:: Records ::
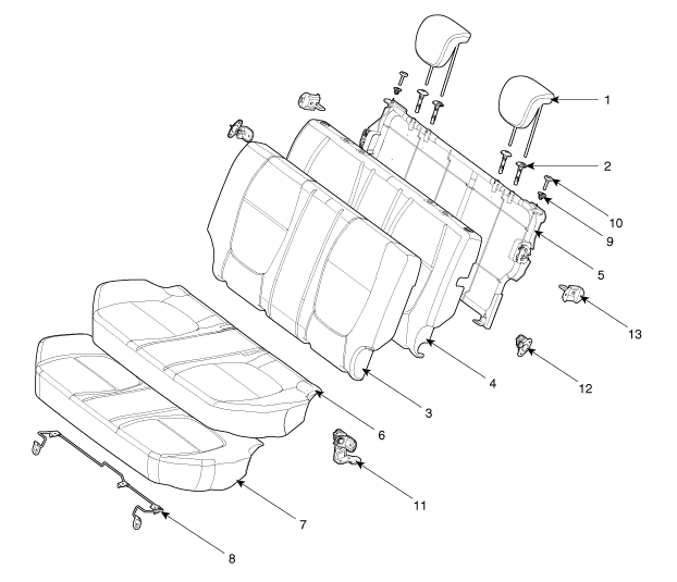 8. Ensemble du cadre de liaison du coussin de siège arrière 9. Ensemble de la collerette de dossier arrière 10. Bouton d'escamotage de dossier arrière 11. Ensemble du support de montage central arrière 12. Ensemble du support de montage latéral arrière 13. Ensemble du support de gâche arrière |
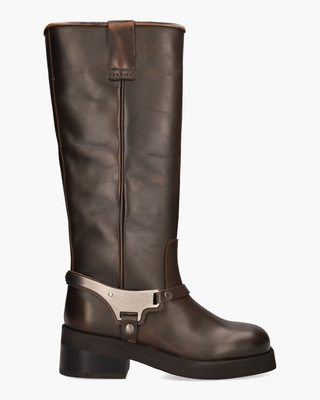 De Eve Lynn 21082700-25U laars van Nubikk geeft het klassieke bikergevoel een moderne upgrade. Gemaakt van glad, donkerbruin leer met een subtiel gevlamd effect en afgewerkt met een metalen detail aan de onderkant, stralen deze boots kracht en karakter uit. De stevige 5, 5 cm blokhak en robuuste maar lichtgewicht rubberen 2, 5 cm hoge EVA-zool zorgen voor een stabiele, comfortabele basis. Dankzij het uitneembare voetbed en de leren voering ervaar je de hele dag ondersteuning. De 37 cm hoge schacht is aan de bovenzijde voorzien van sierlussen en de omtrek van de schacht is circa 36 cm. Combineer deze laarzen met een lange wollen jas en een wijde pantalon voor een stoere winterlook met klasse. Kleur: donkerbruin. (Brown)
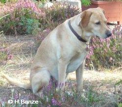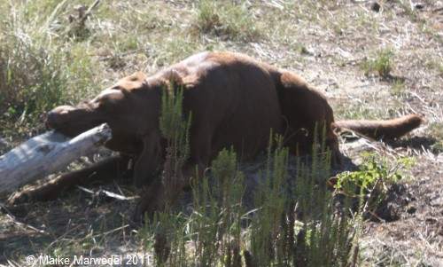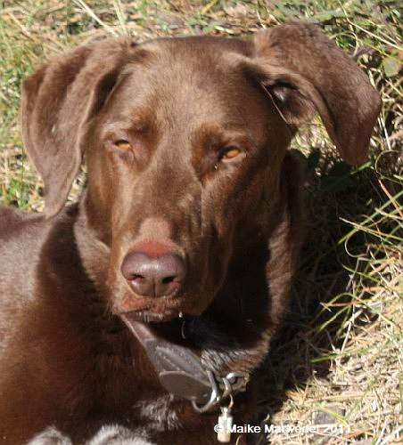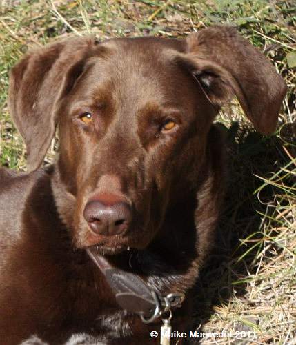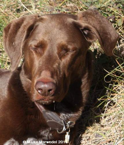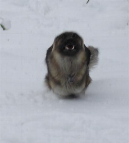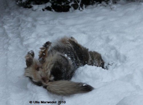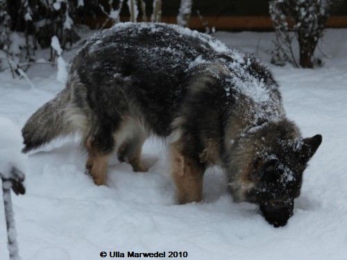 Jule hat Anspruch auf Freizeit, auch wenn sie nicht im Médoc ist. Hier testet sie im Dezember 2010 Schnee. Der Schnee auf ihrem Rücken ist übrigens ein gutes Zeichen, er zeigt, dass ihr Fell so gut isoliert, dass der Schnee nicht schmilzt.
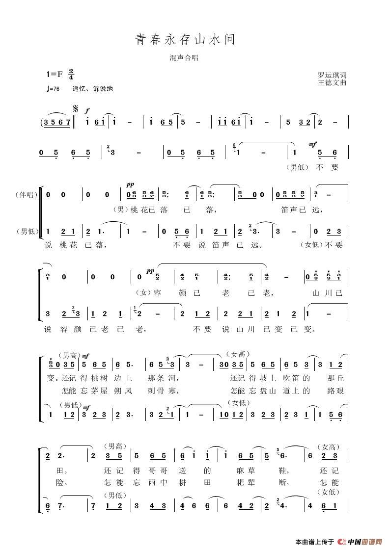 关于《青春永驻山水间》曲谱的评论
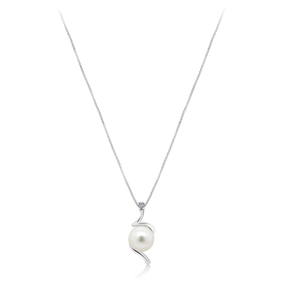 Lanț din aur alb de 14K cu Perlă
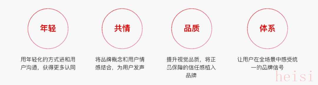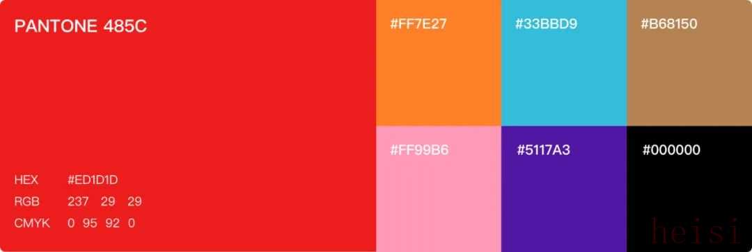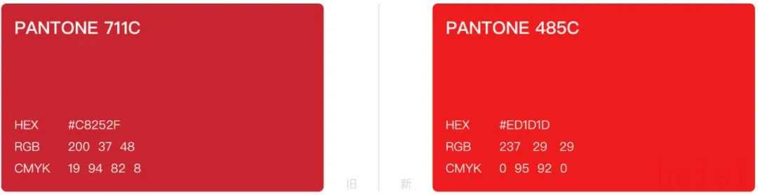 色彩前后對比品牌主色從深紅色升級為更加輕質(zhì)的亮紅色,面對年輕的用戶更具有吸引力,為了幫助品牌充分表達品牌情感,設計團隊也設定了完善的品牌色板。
:::
How to complete this task: An exact, word-for-word copy of the records is expected, with no pictures in it.

Task response:
 8. Ensemble du cadre de liaison du coussin de siège arrière 9. Ensemble de la collerette de dossier arrière 10. Bouton d'escamotage de dossier arrière 11. Ensemble du support de montage central arrière 12. Ensemble du support de montage latéral arrière 13. Ensemble du support de gâche arrière |
 De Eve Lynn 21082700-25U laars van Nubikk geeft het klassieke bikergevoel een moderne upgrade. Gemaakt van glad, donkerbruin leer met een subtiel gevlamd effect en afgewerkt met een metalen detail aan de onderkant, stralen deze boots kracht en karakter uit. De stevige 5, 5 cm blokhak en robuuste maar lichtgewicht rubberen 2, 5 cm hoge EVA-zool zorgen voor een stabiele, comfortabele basis. Dankzij het uitneembare voetbed en de leren voering ervaar je de hele dag ondersteuning. De 37 cm hoge schacht is aan de bovenzijde voorzien van sierlussen en de omtrek van de schacht is circa 36 cm. Combineer deze laarzen met een lange wollen jas en een wijde pantalon voor een stoere winterlook met klasse. Kleur: donkerbruin. (Brown)
 Jule hat Anspruch auf Freizeit, auch wenn sie nicht im Médoc ist. Hier testet sie im Dezember 2010 Schnee. Der Schnee auf ihrem Rücken ist übrigens ein gutes Zeichen, er zeigt, dass ihr Fell so gut isoliert, dass der Schnee nicht schmilzt.
 关于《青春永驻山水间》曲谱的评论
 Lanț din aur alb de 14K cu Perlă
 色彩前后對比品牌主色從深紅色升級為更加輕質(zhì)的亮紅色,面對年輕的用戶更具有吸引力,為了幫助品牌充分表達品牌情感,設計團隊也設定了完善的品牌色板。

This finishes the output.